Just as the postdigital condition and the media involved in it open up wide-reaching potential for certain people to participate, it also creates new barriers for others. The chapter “Postdigital Bildung as a Guiding Principle to Foster Inclusion in Educational Media” by Marlene Pieper, Till Neuhaus, and Michaela Vogt combines philosophical perspectives on the notions of postdigitality and Bildung focusing on Open Educational Resources in a project on inclusive learning materials. Anke Redecker’s chapter “Distance Learning and the Question of Educational Justice: A Dialogic Approach to Digital Diversity in Schools” shows how drill-and-practice and e-portfolios have been widely promoted since the outbreak of the COVID-19 pandemic, reflecting on the challenges in terms of inclusion that the situation has brought. She argues that using video conferencing in a dialogical approach can diminish such obstacles.

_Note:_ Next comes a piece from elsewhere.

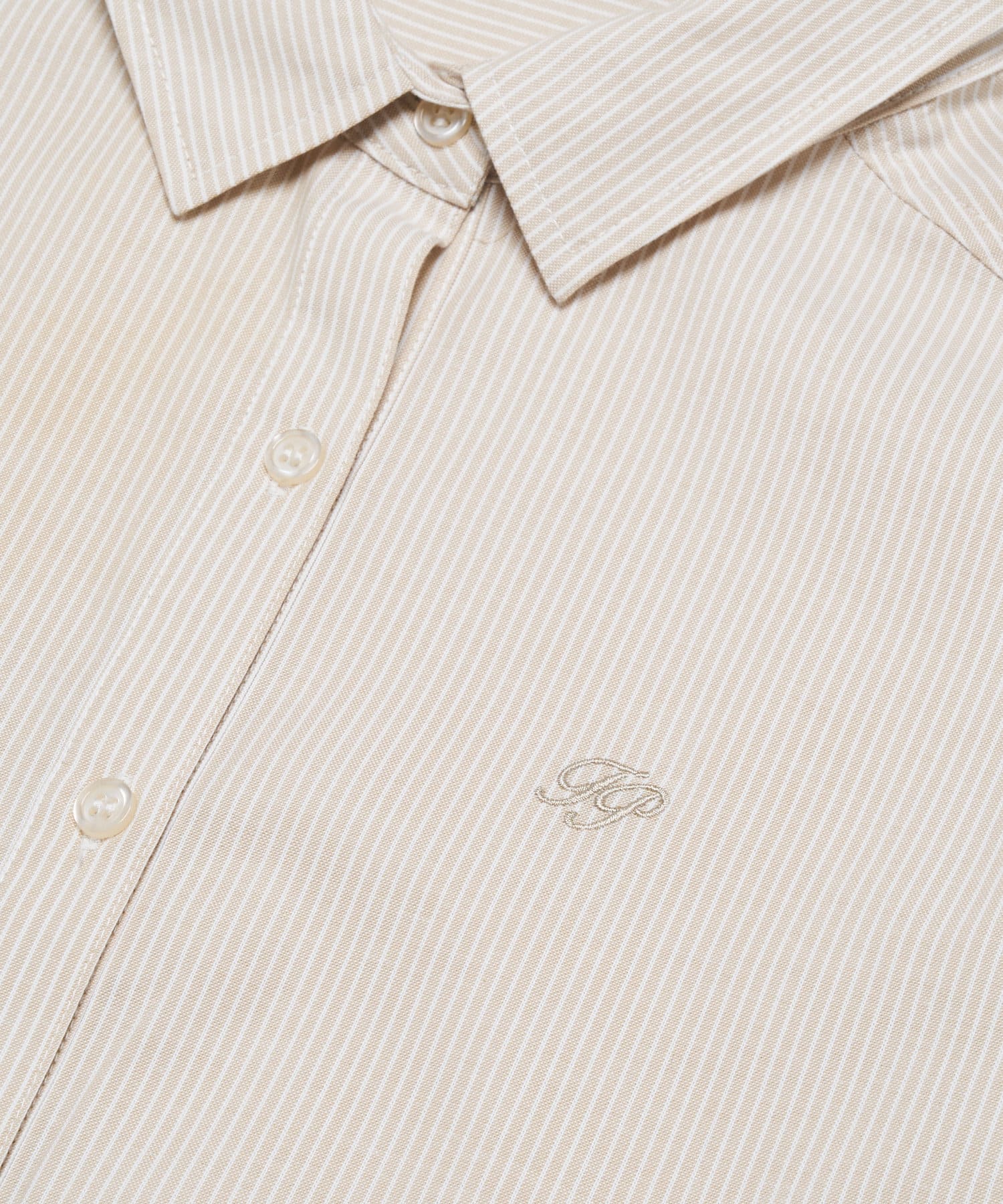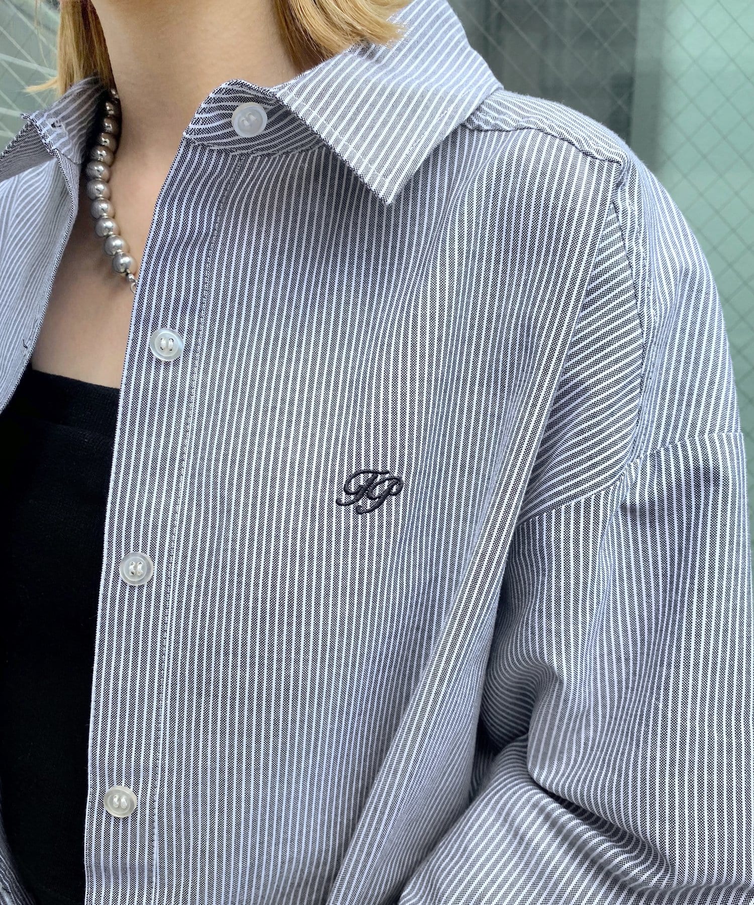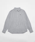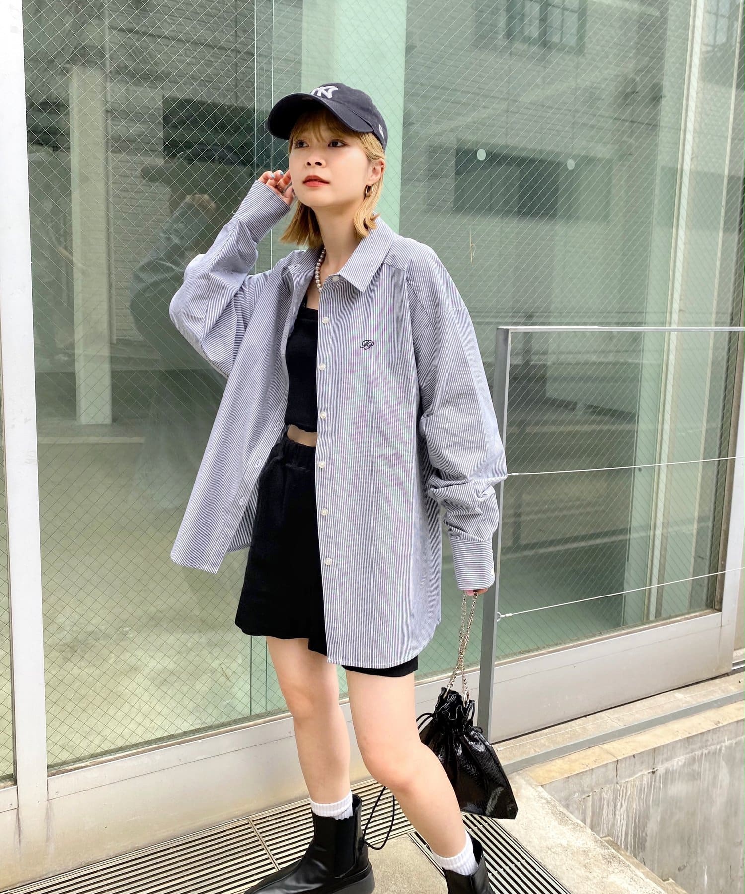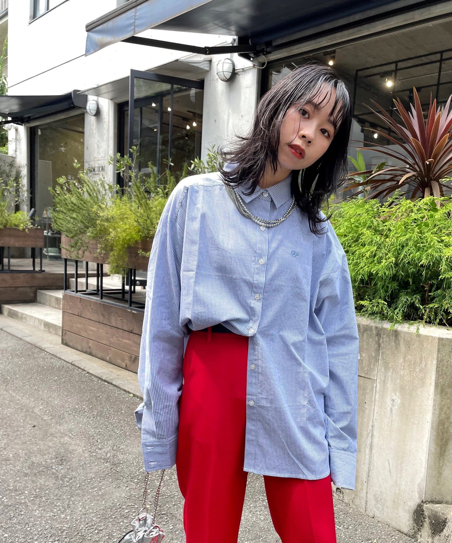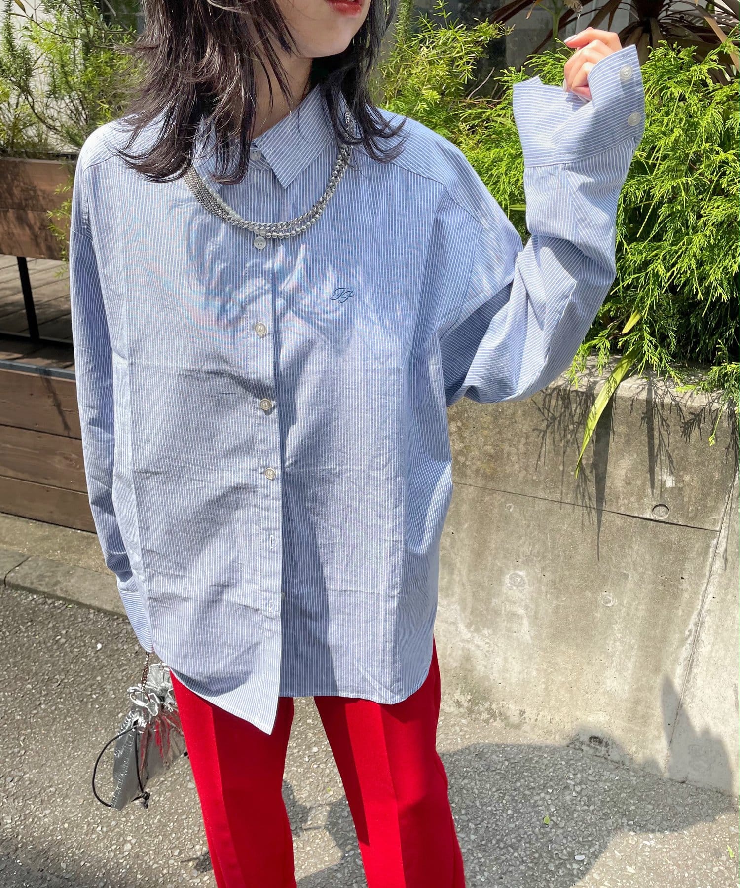 今季テーマ“Flower Punk”の刺繍ロゴが光る、ビッグシルエットなストライプシャツ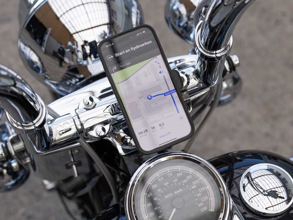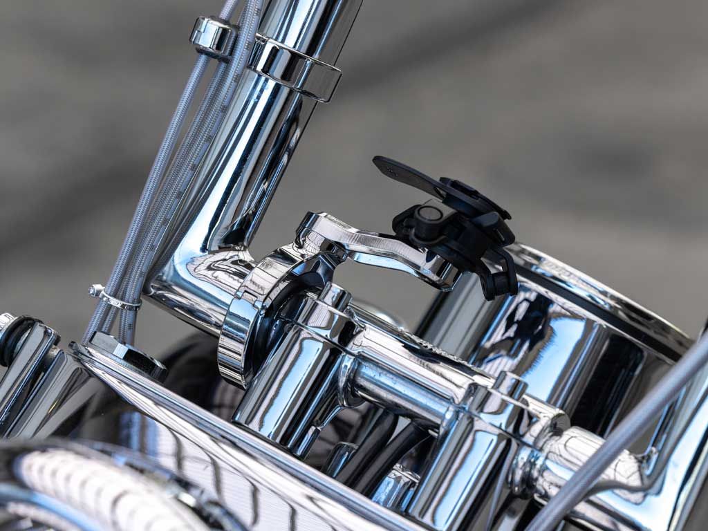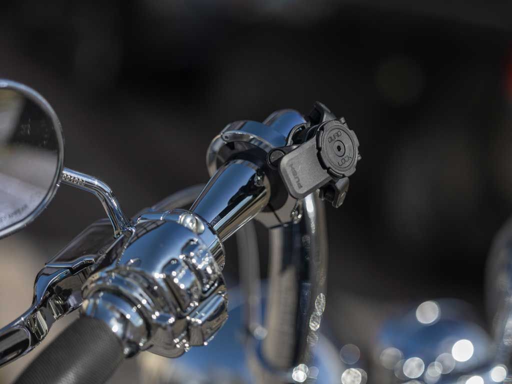 The Quad Lock Motorcycle Handlebar Mount Pro Chrome - Large is specifically engineered for motorcycles with oversized 1.5-inch (38mm) handlebars, common on modern heavy cruisers and custom builds. This "Pro" edition combines the world-class security of the Quad Lock system with a premium, high-luster triple-plated chrome finish that perfectly matches OEM chrome components. Precision-crafted from CNC machined aluminum, it features a robust build that withstands high-speed wind pressure and road vibration. The mount utilizes the patented dual-stage locking mechanism, providing a rock-solid mechanical connection for your smartphone. With an adjustable extension arm and a discreet cable routing channel, it offers a clean, integrated look while ensuring your navigation remains perfectly positioned in your line of sight.

Education and educational media are domains that both operate under the condition of postdigitality and generate knowledge about postdigitality. This is the focus of the second part of the book, Performing and Reflecting on the Postdigital Condition with Learners. In their chapter “Learning Academic Practices: Enabling Students to Participate in a Postdigital Society,” Jennifer Grüntjens, Maike Altenrath, Sabrina Schaper, and Sandra Hofhues describe research-based teaching as a way to foster academic abilities in students that at the same time provide reflexive insights into the postdigital condition in general. The chapter “Expanding the Pedagogical Space: Co-design and Participation in an Online Postgraduate Course” by Tim Fawns, Gill Aitken, Yathu Maheswaran and Kanastana Yasotharan, describes and reflects on a thematically open online course and the practices and power relations that go along with its co-creative approach. In “Let’s Figure it Out: Participatory Methods for Reflecting on Educational Media in a Postdigital World,” Andreas Weich, Ina Schiering, Michael Friedewald, Philipp Deny, and Marvin Priedigkeit describe and combine approaches and workshop concepts from media constellation analysis and data protection impact assessments, reflecting on postdigital educational media from a participatory perspective. Marko Teräs, Hanna Teräs, and Juha Suoranta show in their chapter “From Official Document Utopias to Collective Utopian Imagination” how an empathy-based stories approach can generate utopias that exceed the boundaries of hegemonic narratives. Finally, Eva Kleinlein’s chapter “Asynchronous Narrative Audio-Messages: An Internet-Based Qualitative Method for Data Collection in International Research” outlines and discusses how the everyday practice of audio messaging can be used to generate rich research data.

The last chapter is a postscript that explores how the volume as a whole responds to its initial guiding question: “How do contemporary media constellations shape participation?”